Williams announced on 9 January 2023 that civics education was being reintroduced in the National Standards Curriculum at all levels. The minister emphasized that the program is a crucial addition to the curriculum that would help children become more aware of their identity as Jamaicans and progress toward becoming law-abiding, productive citizens in the future.

=== CPFSA Controversy ===
On 11 January 2023, Williams tabled a report in the House of Representatives, published by the Office of the Advocate (OCA), of the findings of an investigation into the relationship between the Child Protection and Family Services Agency (CPFSA) and Carl Robanske, head of the US-based organisation Embracing Orphans. Robanske had been sanctioned in the US for exchanging sexually inappropriate messages to a minor. Williams said she was outraged at the findings of the report provided by the Office of the Children's Advocate while accusing chief executive officer of the CPFSA Rosalee Gage Grey disobeying instructions to sever ties with the American after the claims of sexual misconduct surfaced.

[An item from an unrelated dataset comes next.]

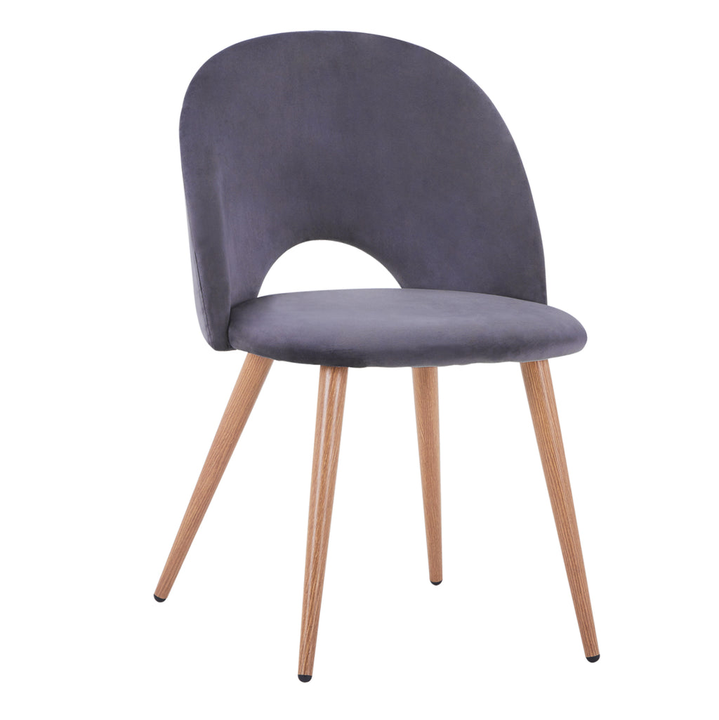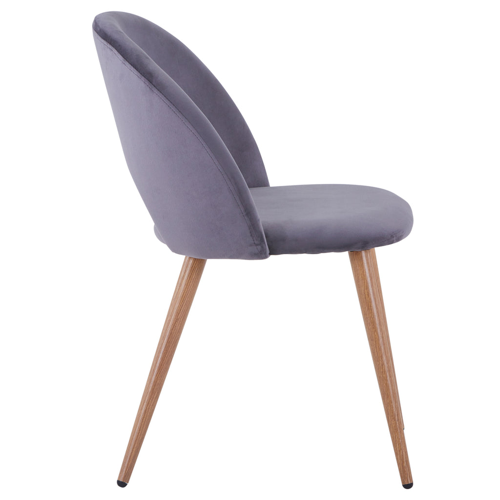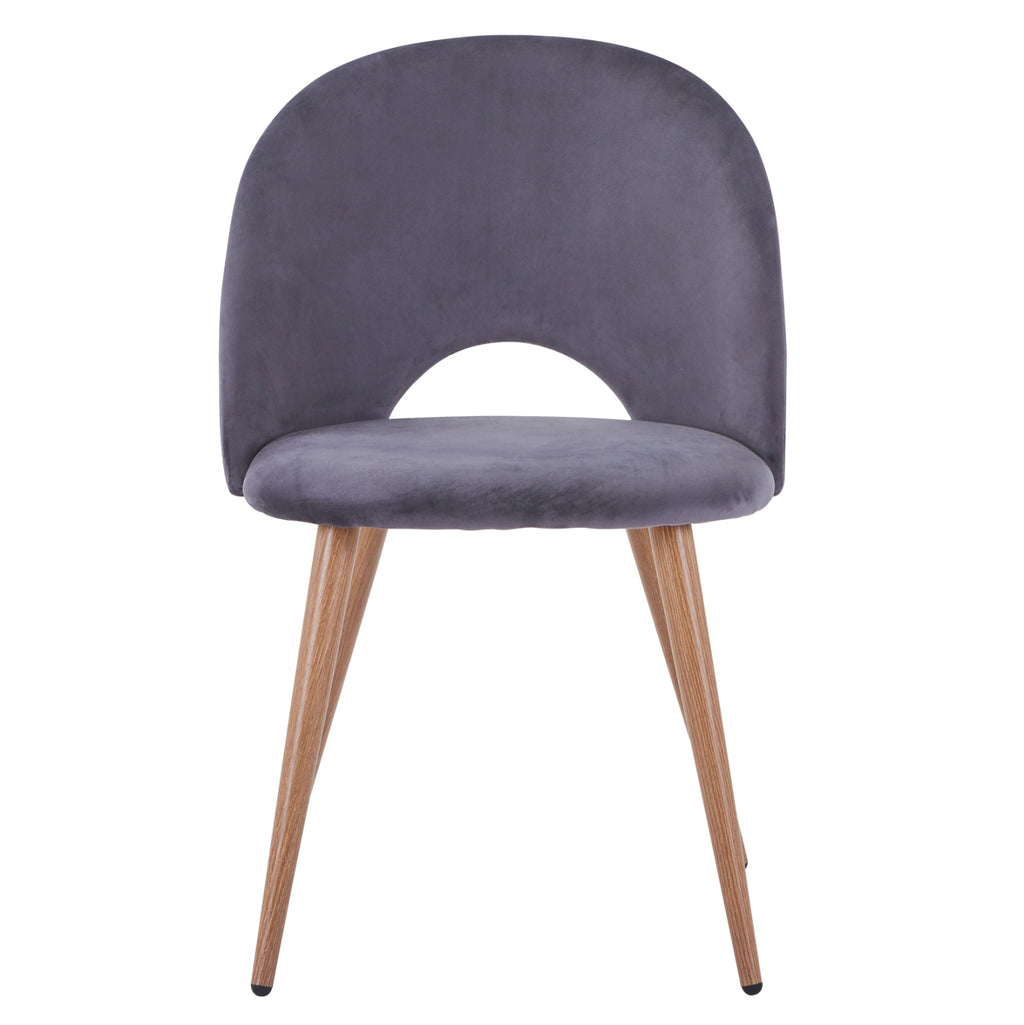 SADIE стол, тапициран в сиво кадифе. Краката са метални, боядисани, за да придадат вид на дърво. Нотка елегантност, съчетана с безброй цветови вариации и форми. Леко лъскавата материя с нейния неповторим вид и усещане не без причина е една от живите тенденции par excellence. Плюшеното покритие прави всичко различно! Размери: 52x49.5x77H см. Височина на седалката 44 см

Williams said she was "misled" by Gage Grey and called on her to step aside while investigations are ongoing. Williams told Parliament that the police have been given the information necessary for a deeper probe to determine if charges can be brought against persons named in the OCA report.

Williams would later inform that Gage Grey would be separated from the CPFSA based on the recommendation of the Public Services Commission.

=== Marijuana Incident in School ===
Williams shocked the world when she revealed on October 2, 2023, that over 60 students who attended a school in Saint Ann were hospitalised after they had eaten candy laced with cannabis. According to the education minister, the children, who were between 7 and 12, were in critical condition in hospital. Williams had shared an image on social media platform X showing a colorful packet of "full throttle rainbow sour belts," each containing 100 milligrams of THC. Jamaica decriminalised cannabis for people over 18 in 2015, with possession of 2 ounces (56 grams) or less downgraded to a petty offense. In the aftermath of the incident Williams had not announced any policy change in response.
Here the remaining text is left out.